People currently living in the Denny Triangle area said they see a severe problem with people trying to get on and off the freeways. They’re not sure more housing in the area will solve that problem.
“Stewart Street is just wall to wall cars all night anyway. Howell or Olive is the same thing coming back the other way,” said John Cardarelli.
But he said as long as he stays out of the traffic, he doesn’t mind the extra people moving in.
“Let them bring their tax dollars, hopefully, and a little more money into our neighborhood,” he said.
But Amorette Moreno, who travels by bus, said her wait time at each stop and her time spent sitting in traffic has increased drastically as more people have arrived.
“We never see an end to all of this construction, and I think that’s the most frustrating part,” Moreno said.
Anton Babadjanov, who writes for TheUrbanist.org and is part of the Belltown Community Council, said almost 42 percent of people in the Denny Triangle take public transit. More than 9 percent walk, and more than 4 percent bike. That leaves almost 28 percent who drive alone.
“Traffic impacts of new residential buildings are minimal in comparison to new office buildings, although even in this case only about a quarter of workers are expected to arrive by driving alone,” Babadjanov said.

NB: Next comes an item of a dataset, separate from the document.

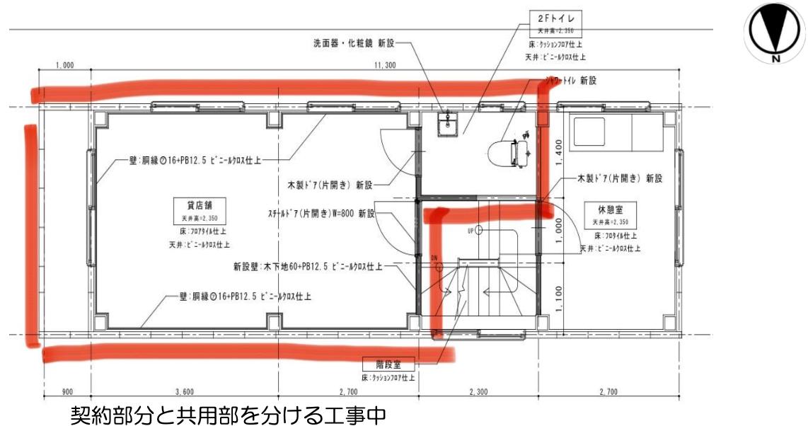大宮通五条の近くに位置し、阪急「大宮」駅から徒歩10分ほどの距離にある2階店舗事務所です。大宮通沿いに面しており、建物前の交通量も一定数あるため、事務所としてだけでなく小さなサービス業にも使いやすい立地です。 募集区画は約25.27m2の2階部分で、現在は契約区画と共用部分を分ける工事が進められています。細長い形状ながら、入口から奥まで見通しがよく、シンプルなレイアウトが組みやすい空間です。トイレは専有部分にあり、執務スペースと分けて使える構成になっています。 建物は1986年築の鉄骨造で、現況は空室。利用開始時期や内装の相談も可能です。必要な機能をコンパクトにまとめたい方や、初期の固定費を抑えながら事務所や小規模サービス業を始めたい方に向いた物件です。
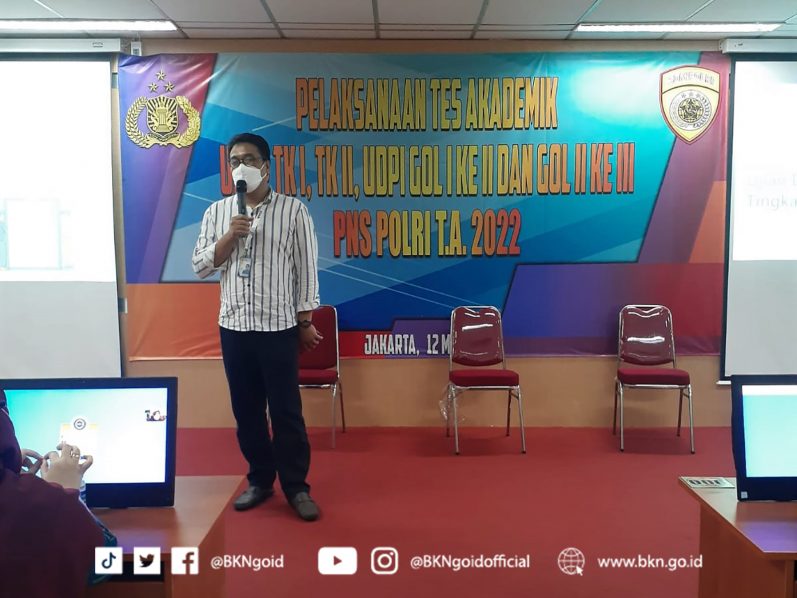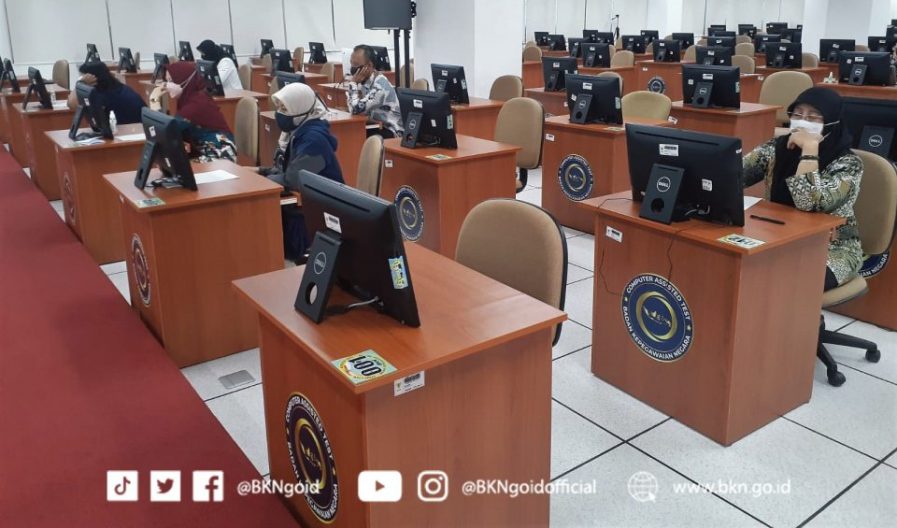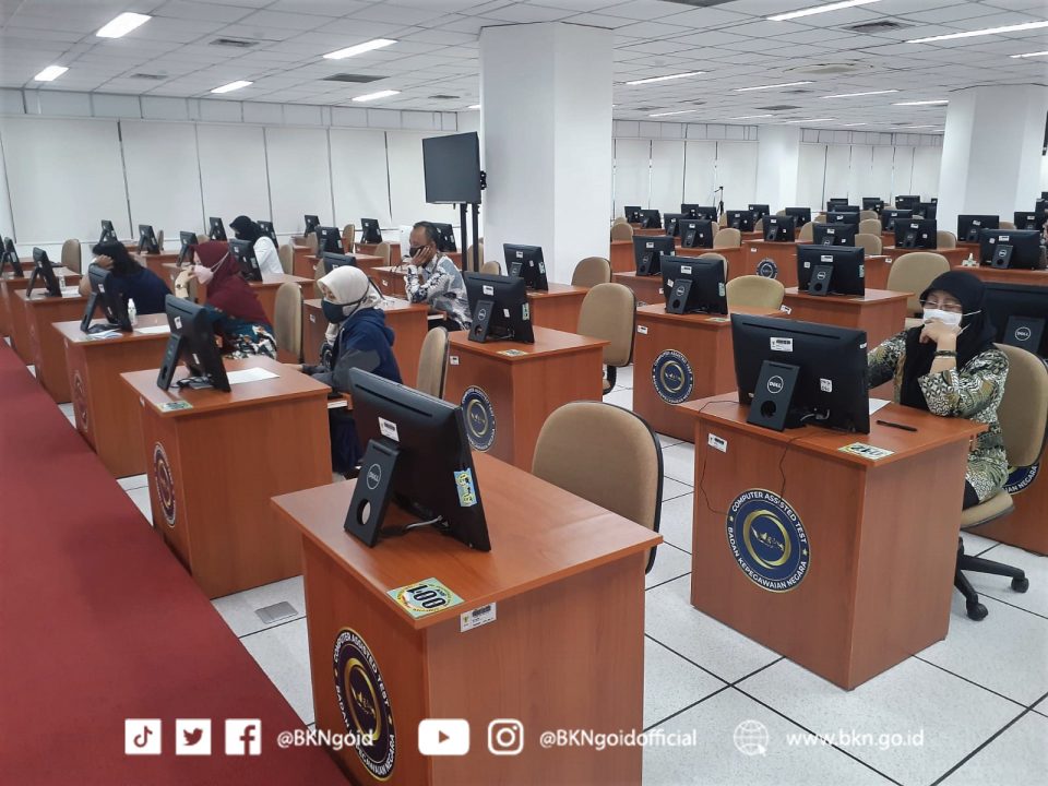 Jakarta-Humas BKN, Badan Kepegawaian Negara menyelenggarakan Computer Assisted Test(CAT) untuk Ujian Dinas (UD) tingkat I, tingkat II, dan Ujian Penyesuaian Kenaikan Pangkat (UPKP) bagi pegawai di lingkungan BKN pada Jumat (13/5/2022) di ruang CAT Kantor BKN Pusat, Jakarta. Komponen ujian tersebut di antaranya ujian CAT yang dilaksanakan secara luring dengan menerapkan protokol kesehatan dan ujian makalah UPKP dan PPP yang akan dilakukan secara daring.

A spokesperson for the Seattle Department of Planning and Development, Bryan Stevens, said, “It’s an area where we plan for high-rise development, but for whatever reason it hadn’t been ripe for that until Amazon and a few other housing projects started moving in.”
The boom is now obvious.
Stevens said the city approved around 6,500 permits per year in the last two years. But in 2015, they’ve already approved 4,700 in the first six months.
That puts Seattle on track to issue 9,000 permits in 2015, a record not seen since 2012.
Stevens said the areas deemed "construction hubs" are carefully tracked by “Access Seattle,” a coordinated effort by the Seattle Department of Transportation and community members.
While the city cannot ask a developer to put a hold on construction to mitigate traffic problems, there can be coordination day to day, to make sure traffic still flows through the area.